A Writer's Notebook, Day Three-Hundred-And-Ninety-Three
I am finally back in a better writing environment, and that has moved me back, fairly quickly, to wanting to push myself more. I'm not yet ready to really go for it, and I am still not entirely set up in my new office, but I do want to begin pushing myself again. In part, this will be about thinking through some of the questions I had begun considering before I went through this upheaval, questions that are largely about understanding the work I am doing, developing an explicit knowledge of techniques I've used instinctively, for example, as well as gaining a stronger ability to explain some of the thought processes that go into the work. In addition, of course, I want to push further, to create poems that are doing things I may not even have thought of yet. I am interested, still, in integrating some of my new thoughts with older tactics, and I also am really wanting to do a wider variety of poems, including not only types I've explored before, but new ones as well.

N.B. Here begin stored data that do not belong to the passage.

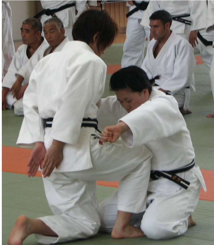
Pratique avec partenaire de Ryote Dori (Libération des poignets)
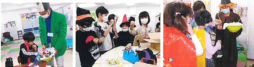
ハロウィンだ～！！「トリックオアトリート」を言ってお菓子を貰う日。顔にも手にもペインティングしたよ。み～んなかっこよく変身しました！！
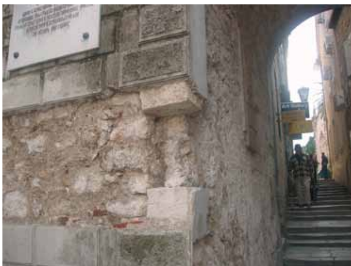
Sonda u dijelu naknadne ispune ivice lučnog otvora gradskih vrata
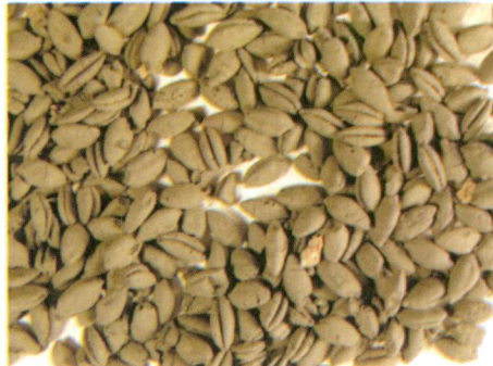
Res. 1 - Konya Karahöyük'ten Buğday Örnekleri.
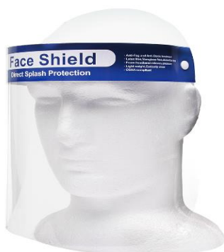
Sl. 6. Zaštitni vizir namijenjen za primjenu u zdravstvu [17].

Štitnici za oči i za lice se koriste u svrhu zaštite lica i očiju od prskajućih tekućina i letećih čestica, a svoju su posebnu namjenu i uporabu ostvarili za vrijeme pandemije bolesti COVID 19 (slika 6). Nazivaju se još i vizirom [16].
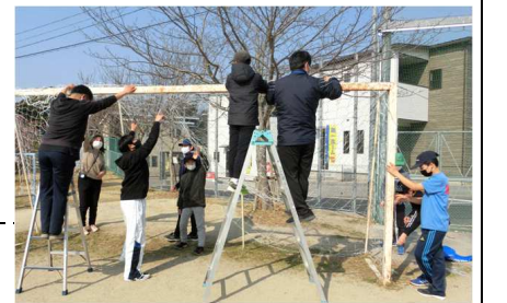
【活躍する南郷小サポーター】

登録後、最初の活動となったのは、南郷小のサッカーゴールの整備です。古くなって破れていたゴールネットを張り替え、きちんと固定する作業です。3月9日の放課後、20分程度の作業でしたが、23名の会員が参加し、活動を楽しむ姿がみられました。きれいになったサッカーゴールを見て、満足そうな笑みを浮かべ、学校としても感謝、感謝のひとつとなりました。参加してくれたみなさんありがとうございました。
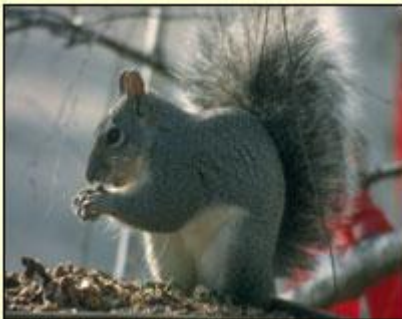
Gwiwer lwyd rhywogaeth lwyddiannus a chyffredin

Yn aml iawn mae gwiwerod yn rhannu nyth, yn enwedig yn y gaeaf, er mwyn rhannu gwres. Mae'r goedwig yn hynod bwysig i'r gwiwerod coch a llwyd ond fodd bynnag, mae'r wiwer coch sydd yn fychan ac ysgafn yn treulio llawer mwy o'i hamser yng nghanopi'r coed tra bod y wiwer llwyd sydd yn drymach ac yn gryfach, yn treulio llawer mwy o'i hamser ar y ddaear. Gan fod y wiwer llwyd yn defnyddio llwyni a thir mwy agored i chwilio am fwyd mae'n gallu lledaenu'n gyflym o un ardal i'r llall.
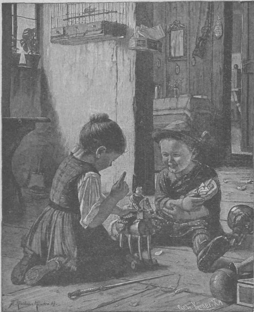
Pri igračah. V zalogi „Fotogr. Unije“ v Monakovem.

splavala po vodi. Pod milim Bogom ni imel sorodnika, ne znanca, ki bi mu bil pomoč na tem razpotju. Dasi so poznali trgovci v Dolini in okolici njegovo poštenost, ni ga hotel nihče vabiti k sebi, Petran se pa ni upal nikomur ponujati.

The point is, I feel renewed, and I am ready to go. I still have a few things to get in place, but I am working, and I feel very strongly that I am prepared to take the next steps, whatever they may be. I'm certain that one step I'll be taking soon is increasing my output to six poems a day. It seems like a silly thing, but for whatever reason, I do find that increasing the output changes my thinking and challenges me in unexpected ways. The change to routine it provokes is a good kick in the pants, and I need that right about now, to get me from thinking about all this into action.